Il team "East is East" parla di regia, cultura e recitazione

Il team di "East is East" ha parlato in esclusiva con DESIblitz del 25° anniversario dello spettacolo e di come il pezzo racchiuda una nuova visione.


"È così che comincio ed è questo che porta al personaggio finale".

La popolarissima commedia drammatica, L'oriente è l'oriente, è tornato sul palcoscenico teatrale, festeggiando il suo 25° anniversario.

Dal 3 al 25 settembre 2021, il REP Theatre di Birmingham ospiterà lo spettacolo umoristico ma perspicace.

Il pubblico può rifarsi gli occhi sulla famosa storia di Ayub Khan Din del severo padre George Khan e della sua famiglia disfunzionale.

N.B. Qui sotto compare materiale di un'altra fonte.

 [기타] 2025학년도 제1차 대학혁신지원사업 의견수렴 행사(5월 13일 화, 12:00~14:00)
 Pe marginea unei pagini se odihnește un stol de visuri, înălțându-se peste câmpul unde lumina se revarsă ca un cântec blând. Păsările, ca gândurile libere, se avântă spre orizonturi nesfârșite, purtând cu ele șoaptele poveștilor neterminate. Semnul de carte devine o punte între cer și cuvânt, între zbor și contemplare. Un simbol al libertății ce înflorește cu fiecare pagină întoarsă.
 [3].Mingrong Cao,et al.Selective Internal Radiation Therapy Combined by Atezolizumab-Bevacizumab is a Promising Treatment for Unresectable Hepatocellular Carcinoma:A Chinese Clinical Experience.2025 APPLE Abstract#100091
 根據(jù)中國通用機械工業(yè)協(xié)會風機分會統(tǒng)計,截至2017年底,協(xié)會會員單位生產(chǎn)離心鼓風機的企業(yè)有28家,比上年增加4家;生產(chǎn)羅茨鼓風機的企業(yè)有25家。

Ambientato sullo sfondo movimentato della Salford degli anni '70, la trama offre uno sguardo comico a matrimoni indesiderati e malintesi culturali.

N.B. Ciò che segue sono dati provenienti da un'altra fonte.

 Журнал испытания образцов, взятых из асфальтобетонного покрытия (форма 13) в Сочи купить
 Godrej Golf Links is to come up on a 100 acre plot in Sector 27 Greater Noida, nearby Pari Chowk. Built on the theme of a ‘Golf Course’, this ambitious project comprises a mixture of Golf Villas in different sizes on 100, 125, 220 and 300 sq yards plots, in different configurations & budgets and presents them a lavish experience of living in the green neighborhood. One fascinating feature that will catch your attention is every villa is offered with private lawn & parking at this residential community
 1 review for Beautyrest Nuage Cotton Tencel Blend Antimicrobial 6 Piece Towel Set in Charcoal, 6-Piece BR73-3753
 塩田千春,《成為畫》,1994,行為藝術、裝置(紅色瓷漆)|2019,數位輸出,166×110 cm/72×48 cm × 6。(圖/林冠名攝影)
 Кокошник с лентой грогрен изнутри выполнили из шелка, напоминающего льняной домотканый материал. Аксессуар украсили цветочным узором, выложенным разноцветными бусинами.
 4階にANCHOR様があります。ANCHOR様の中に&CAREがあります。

Affronta anche argomenti più seri come il razzismo, le relazioni interrazziali e abuso.

C'è stato un famoso adattamento cinematografico nel 1999, con il leggendario attore Om Puri nei panni di Zahir 'George' Khan. Lo spettacolo è stato effettivamente rappresentato per la prima volta nel 1996 al Birmingham REP Theatre.

Tornato a casa 25 anni dopo, lo spettacolo vanta un cast meraviglioso. Ciò include l'attore asiatico britannico Tony Jayawardena e l'attrice esperta Sophie Stanton nei ruoli principali.

La nuova produzione avrà anche una nuova prospettiva dall'illustre regista teatrale, Iqbal Khan. Il maestro creativo imprime la propria svolta a questa storia di successo.

Con una lunga Il guardiano descrivendolo come un "magnifico revival di un classico dello scontro culturale", i fan sono trattati per un'epopea assoluta.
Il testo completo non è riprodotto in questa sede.